Posts Tagged ‘website statistics’

Google Analytics Is An Easy Set Up

Sunday, October 25th, 2009

Google Analytics is one of the Web’s easiest and most important tools for webmasters. You can have your account set up, literally, within minutes and be tracking your website statistics within a day. Just go to the Google Analytics website at http://www.google.com/analytics/ and click the link labeled “Sign Up Now”. You’ll find it under the blue button labeled “Access Analytics”.

Once you’ve signed up for your account you should get an e-mail with an activation link in it. Click the activation link. You won’t be able to access your account at Google Analytics until you do.

Once inside Google Analytics, click the button labeled “Get Started” and follow the directions to setting up your website for tracking. You can have more than one website, but I recommend starting with just one. At the end of the set up process you’ll be given some code that includes your website’s unique tracking identification number. Add the code to each page of your website in the footer, just before the end body tag. Remember, each page of your site must have the code or you won’t be able to track statistics for that page.

That’s it. Once you have the code in place you’ll be able to track website statistics through Google Analytics. It will take about 24 hours before you see any stats as they will appear for the previous day.

Why Google Webmaster Tools Is Your Best Friend

Saturday, October 17th, 2009

Google has done a lot of work to ensure that webmaster get the tools they need to succeed. One of the best tools at your disposal is Google Webmaster Tools. When you sign in to Webmaster Tools you can add a site and once your site has been added – you can add as many sites as you need – then you can do all sorts of wonderful things with your Webmaster Tools account.

Some of the things you can do or stats you can check with Webmaster Tools include:

  • See your top search queries at a glance
  • Discern crawl errors
  • Look at the inbound links you have to your site
  • Test your site for malware
  • Configure a sitemap for your site
  • Fix robots.txt issues
  • Redirect your website to another URL
  • Review your sitelinks and remove any you don’t want
  • Understand your most used keywords
  • View user statistics

You may not want to do all of these things. Some things you may never do. But it’s nice to have a tool that will do it if you need to. Google Webmaster Tools is there for you. Use it.
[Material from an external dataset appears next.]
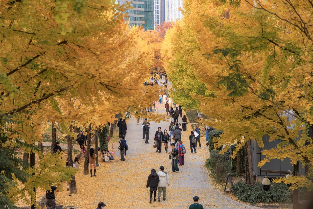 11月9日,人們在韓國首爾市首爾林公園內賞秋。新華社發(樸晉澤攝)

Is Your Bounce Rate Too High?

Tuesday, July 15th, 2008

Your bounce rate is the number of people who land on your website and don’t click through to another page. Your analytics package should tell you which pages have a high bounce rate. Pay attention to this number because it is a negative and you need to do what you can to reduce the bounce rate.

Instead of looking at your average bounce rate across the entire website, which isn’t very useful, look at the bounce rates for your individual pages. Most websites have high bounce rates (somewhere around 70%-80%), but you don’t have to. You want to get that bounce rate below 50% if possible. Find out what your site visitors are looking for and provide them with information that will help them achieve it.

Bounce rates differ from industry to industry too. Are your site visitors just looking for information or are they looking to buy a product or service. If they are looking to buy something and all you have is information then you’ll get high bounce rates. If they are looking for information and you have products or services to sell then you will have high bounce rates. If either of these is the case then you are likely targeting the wrong keywords and phrases or you are not making the right offerings. It could be a combination of the two. To fix it, do a little deeper analysis of your site visitors’ needs and tweak your web pages to provide that or create new web pages and drive your visitors there.

Your bounce rate is a very important statistic and says a lot about what your visitors really need. It all starts with web development and builds from there.